# Assignment
After locating the line with "7月9日,歌手周杰伦正式入驻" in the entries below, output it and each following line up to and including the line with "NFTを保有している人(オー", exactly and without pictures.

# Excerpted data
___

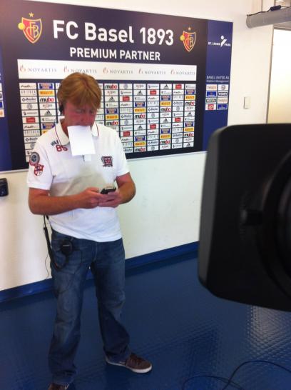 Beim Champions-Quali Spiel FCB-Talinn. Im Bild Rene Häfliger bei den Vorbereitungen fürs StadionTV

___

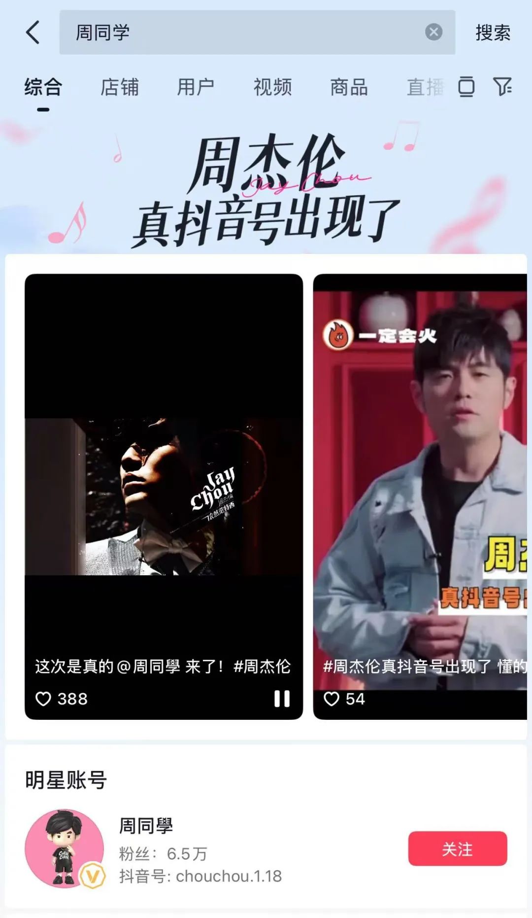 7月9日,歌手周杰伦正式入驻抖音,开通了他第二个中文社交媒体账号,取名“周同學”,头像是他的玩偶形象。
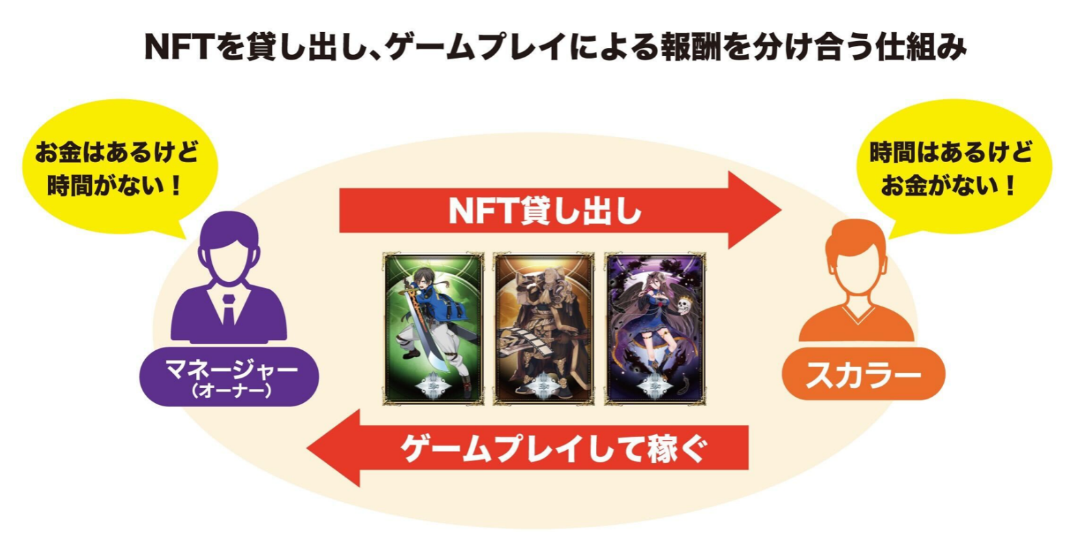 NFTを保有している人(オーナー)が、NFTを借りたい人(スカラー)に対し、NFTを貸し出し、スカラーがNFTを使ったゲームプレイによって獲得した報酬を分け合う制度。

___

# Task result
 7月9日,歌手周杰伦正式入驻抖音,开通了他第二个中文社交媒体账号,取名“周同學”,头像是他的玩偶形象。
 NFTを保有している人(オーナー)が、NFTを借りたい人(スカラー)に対し、NFTを貸し出し、スカラーがNFTを使ったゲームプレイによって獲得した報酬を分け合う制度。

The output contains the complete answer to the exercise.